Apache Ranger overview#

Apache Ranger is a tool to manage access control policies for Hadoop/Hive and related object storage systems such as Delta Lake. It provides a simple and intuitive web-based console for creating and managing policies controlling access to the data.

The Privacera Platform, powered by Apache Ranger is an extended commercial distribution of Apache Ranger, that can also be used.

Starburst Enterprise platform (SEP) can be integrated with Ranger as an access control system. When a query is submitted to SEP, SEP parses and analyzes the query to understand the privileges required by the user to access objects such as schemas and tables. Once a list of these objects is created, SEP communicates with the Ranger service to determine if the request is valid. If the request is valid, the query continues to execute. If the request is invalid, because the user does not have the necessary privileges to query an object, an error is returned. Ranger policies are cached in SEP to improve performance.

Authentication is handled outside of Ranger, for example using LDAP, and Ranger uses the authenticated user and user groups to associate with the policy definition.


SEP integration with Ranger requires a valid Starburst Enterprise license.


Before you configure SEP for any integration with Apache Ranger or Privacera Platform, verify the following prerequisites:

  • The SEP coordinator and workers have the appropriate network access to communicate with the Ranger service. Typically this is port 6080 or 6182, if SSL is used.

  • Apache Ranger 2.0.0 or higher must be used

  • Privacera Platform should be used

Ranger usage options#

SEP offers the following different integrations with Ranger:

We highly recommend implementing Ranger for global access control. This allows you to use Ranger policies for all configured catalogs.


When used for global access control, the Starburst Ranger integration extends the basic functionality of Ranger with the Starburst Ranger plugin. It allows Ranger to provide access control for all data sources defined by a catalog in Starburst Enterprise, and all other data sources supported by SEP.

Key concepts#

The concepts and features described in the following section apply to all Ranger usage.


A policy is a combination of set of resources and the associated privileges. Ranger provides a user interface, or optionally a REST API, to create and manage these access control policies.

Resource sets#

A resource set includes one or more resources of different resource types. Wildcard characters are supported to select a number of resources based on a pattern.

  • catalog

  • catalog - schema

  • catalog - schema - table

  • catalog - schema - table - column

  • catalog - schema - procedure

  • catalog - session property

  • function

  • system session property

  • query

  • user

As you can see from the list above, some resources are hierarchically organized within a catalog and below. This allows you for example to restrict access to a complete catalog, a specific schema, or table or even down to a column or a procedure within a schema.

For example, if you can define a set of resources, that allows you to restrict access to all the two tables credit-info and cards-info in all schemas in the hdfs catalog.

  • Catalog: hdfs

  • Schema: *

  • Table: credit-info, cards-info

A set of resource works as a primary key for a policy. It needs to be unique. Multiple policies however may cover a single resource because of the wildcard.
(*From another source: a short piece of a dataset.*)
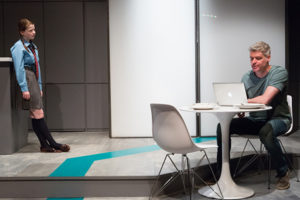 The set (Joe Schermoly) is dynamite and makes great use of a small space, where the audience is less that 10 feet from the action. The lighting (Brandon Wardell) and sound (Thomas Dixon, who also composed the incidental music) are terrific. I was impressed with some of the costumes (Izuma Inaba) but felt that an executive, even a trainee, like Luke, would have more than one suit for the entire play. The props (Emma Cullimore and Derik Marcussesen) are also magic, and while the dialect coach , Adam Goldstein, did work with the cast on their British accents, I wonder why they needed to use this at all. Couldn’t this all have taken place in the Midwest, or East Coast? Might have been even more effective!

It is best to create fine grained resource sets, especially when using column masking and row filtering. Using policies with wildcards can create hard to understand, or even unpredictable behavior, when there are multiple policies that apply to the same resource. For example, both *-schema-table-column and catalog-*-table-column apply to column in table in catalog. The second definition is more specific and therefore preferred to keep your configuration easier to understand.

Privilege sets#

A set of privileges consists of one or more user groups, roles and users, and a set of access types for the specified resource set. Privileges can allow or deny operations.

The catalog, schema, table and column resources, which grant access to resources for queries, have the following access types.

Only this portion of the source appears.